#### Instructions for the task:
Repeat exactly the lines running from the first line of the data to the line containing "2023 Topps #245", both ends included, and nothing else; drop the pictures.

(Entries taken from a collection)

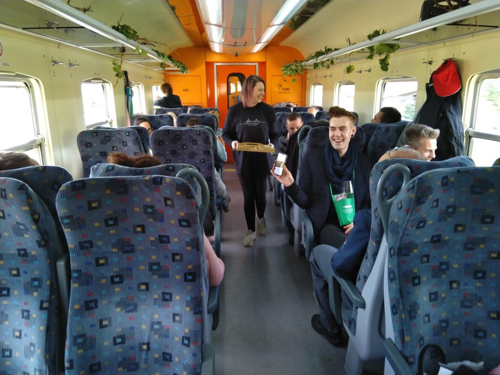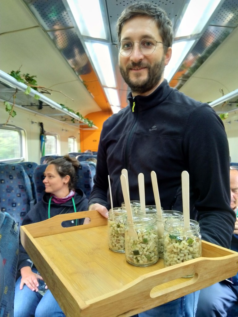Pasażerowie przy wejściu do pociągu są częstowani winem musującym. Za każdym razem w pociągu odbywają się degustacje win z innej piwnicy. W ten sposób organizatorzy chcą pokazać jak najwięcej lokalnych producentów i jednocześnie urozmaicić swoją ofertę. We wrześniowej edycji zaprezentowała się winnica Štrancar. W trakcie podróży do Ajdovščiny spróbowaliśmy trzech win. Wszystkie trzy z lokalnych odmian: zelen i malvazija. Zelen, to endemiczna odmiana, która występuje jedynie w Dolinie Wipawy. W pociągu została zaprezentowana w dwóch wariantach: jako wino musujące oraz spokojne. Zelen daje wina o wyraźnych aromatach ziołowych. Szczególnie ciekawie wychodzą wina musujące, które zdobywają coraz większe uznanie wśród winolubów. Malvazija z kolei jest szczepem, który dominuje w całym regionie Primorje, w skład którego wchodzi Dolina Wipawy. Degustacja urozmaicona jest także przekąskami z sezonowych i lokalnych składników.
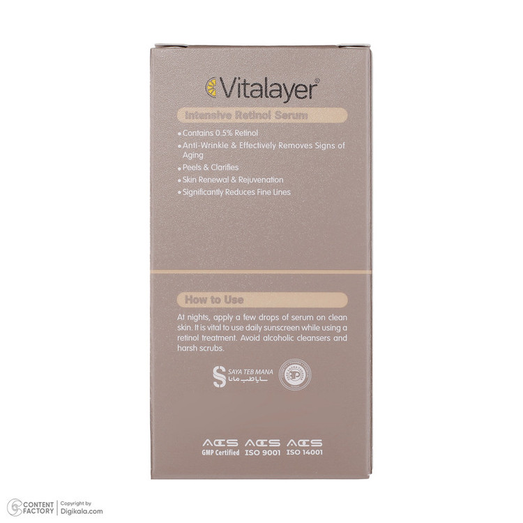 ضدچروک قوی و برطرفکننده علائم پیری حاوی 0.5 درصد رتینول خالص بازسازنده و جوانساز کاهش چشمگیر چروکهای ریز لایه بردار و شفاف کننده
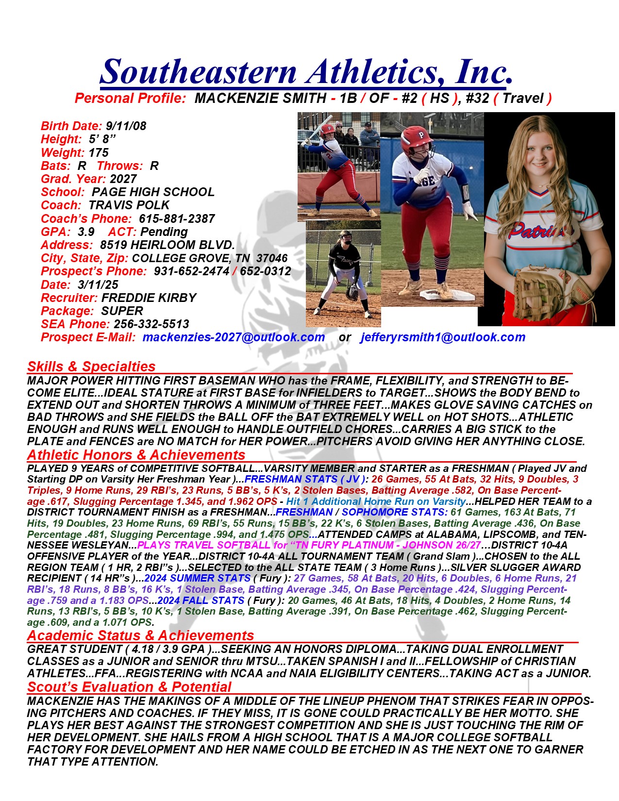Mackenzie Smith, 2027, 1B / OF, Page HS, TN
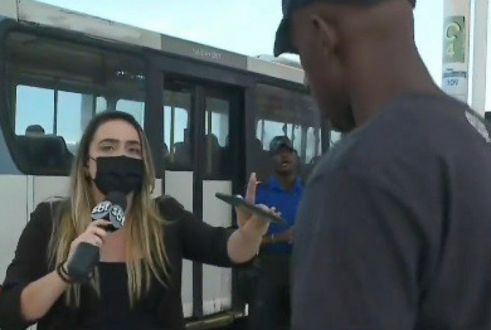 A jornalista do SBT, Branca Andrade, teve o trabalho interrompido pela dupla, que não tinha identificação, no terminal Alvorada, na Barra da Tijuca, Zona Oeste do Rio
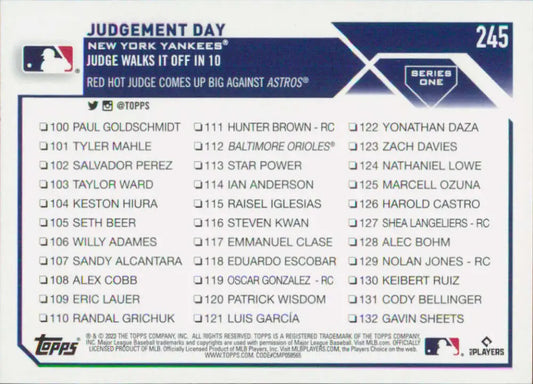 2023 Topps #245 Aaron Judge NM-MT New York Yankees Baseball Card
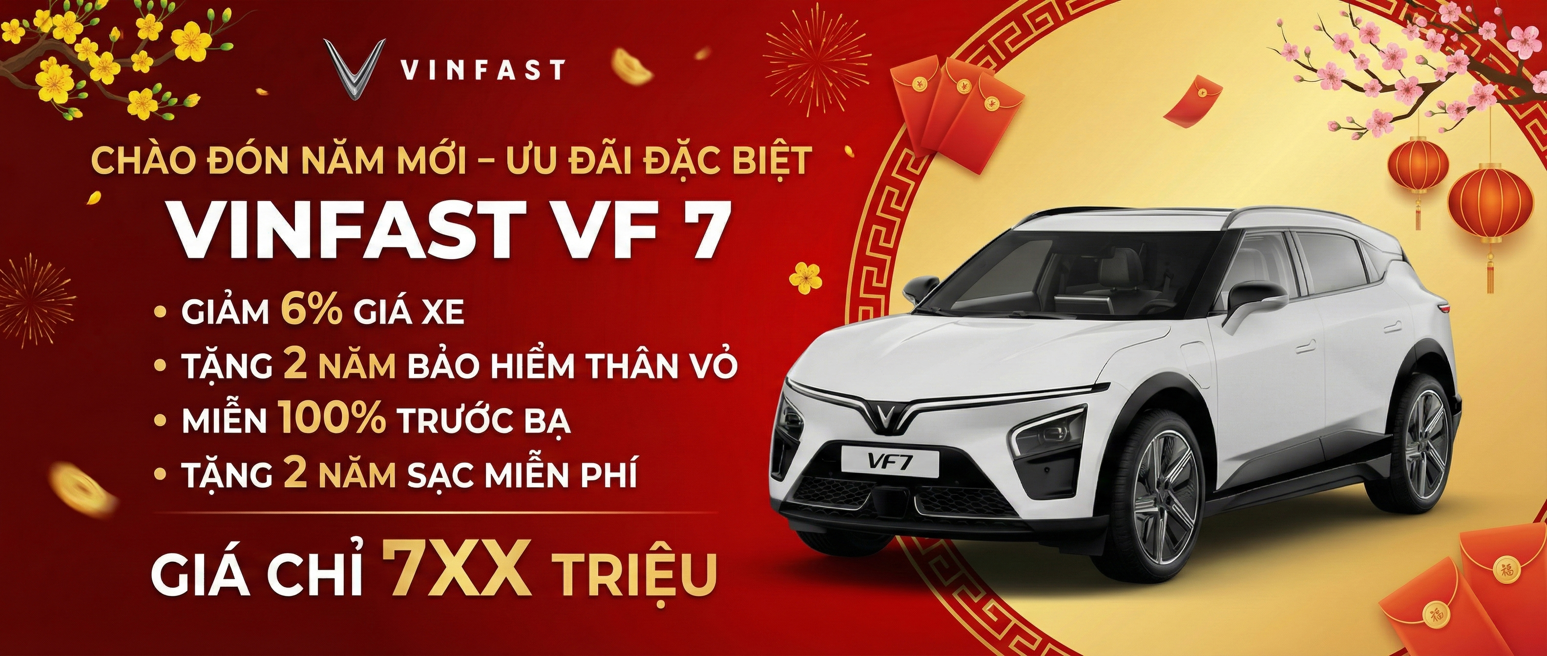 - VinFast VF7: Giảm 6% giá bán xe + Tiền mặt hấp dẫn - Hỗ trợ giảm lãi suất 3% trong 3 năm, Tặng 2 năm bảo hiểm thân vỏ & Gói phụ kiện chính hãng theo xe - Liên hệ trực tiếp để có giá tốt hơn nữa
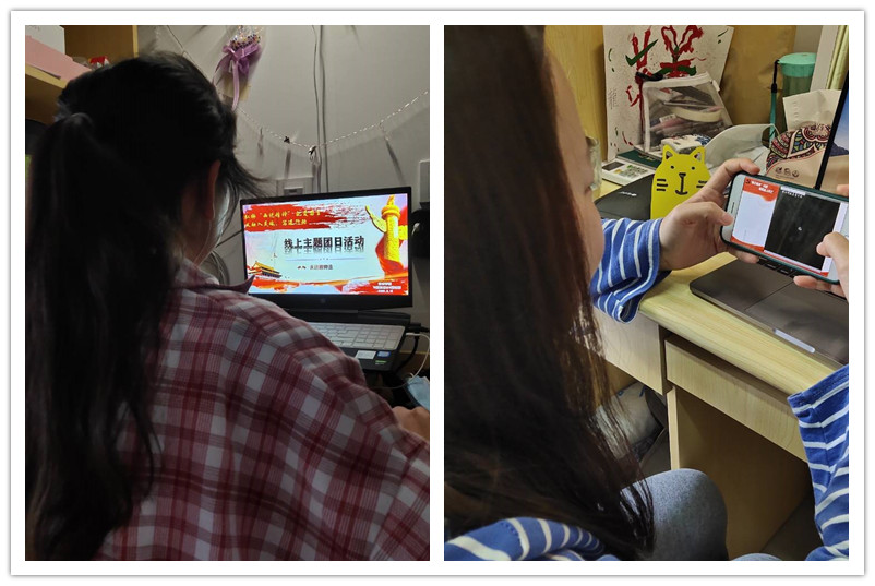 活动中,团支书张玲娜通过QQ群屏幕共享,组织班级全体同学观看西迁精神纪录片,并就习近平总书记在纪念五四运动100周年会议上对新时代青年提出的要求进行了解读。在前期学习的基础上,张玲娜鼓励大家结合西迁精神踊跃发言,畅谈作为新时代青年一代的感想。
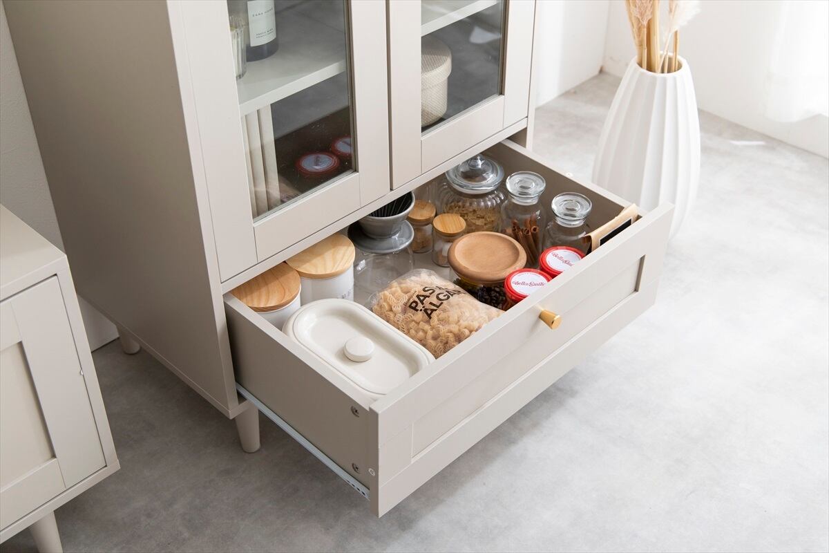 海外インテリア風の框デザインをあしらった『Calan(カラン)』ガラスキャビネット

#### Result of this exercise:
Pasażerowie przy wejściu do pociągu są częstowani winem musującym. Za każdym razem w pociągu odbywają się degustacje win z innej piwnicy. W ten sposób organizatorzy chcą pokazać jak najwięcej lokalnych producentów i jednocześnie urozmaicić swoją ofertę. We wrześniowej edycji zaprezentowała się winnica Štrancar. W trakcie podróży do Ajdovščiny spróbowaliśmy trzech win. Wszystkie trzy z lokalnych odmian: zelen i malvazija. Zelen, to endemiczna odmiana, która występuje jedynie w Dolinie Wipawy. W pociągu została zaprezentowana w dwóch wariantach: jako wino musujące oraz spokojne. Zelen daje wina o wyraźnych aromatach ziołowych. Szczególnie ciekawie wychodzą wina musujące, które zdobywają coraz większe uznanie wśród winolubów. Malvazija z kolei jest szczepem, który dominuje w całym regionie Primorje, w skład którego wchodzi Dolina Wipawy. Degustacja urozmaicona jest także przekąskami z sezonowych i lokalnych składników.
 ضدچروک قوی و برطرفکننده علائم پیری حاوی 0.5 درصد رتینول خالص بازسازنده و جوانساز کاهش چشمگیر چروکهای ریز لایه بردار و شفاف کننده
Mackenzie Smith, 2027, 1B / OF, Page HS, TN
 A jornalista do SBT, Branca Andrade, teve o trabalho interrompido pela dupla, que não tinha identificação, no terminal Alvorada, na Barra da Tijuca, Zona Oeste do Rio
 2023 Topps #245 Aaron Judge NM-MT New York Yankees Baseball Card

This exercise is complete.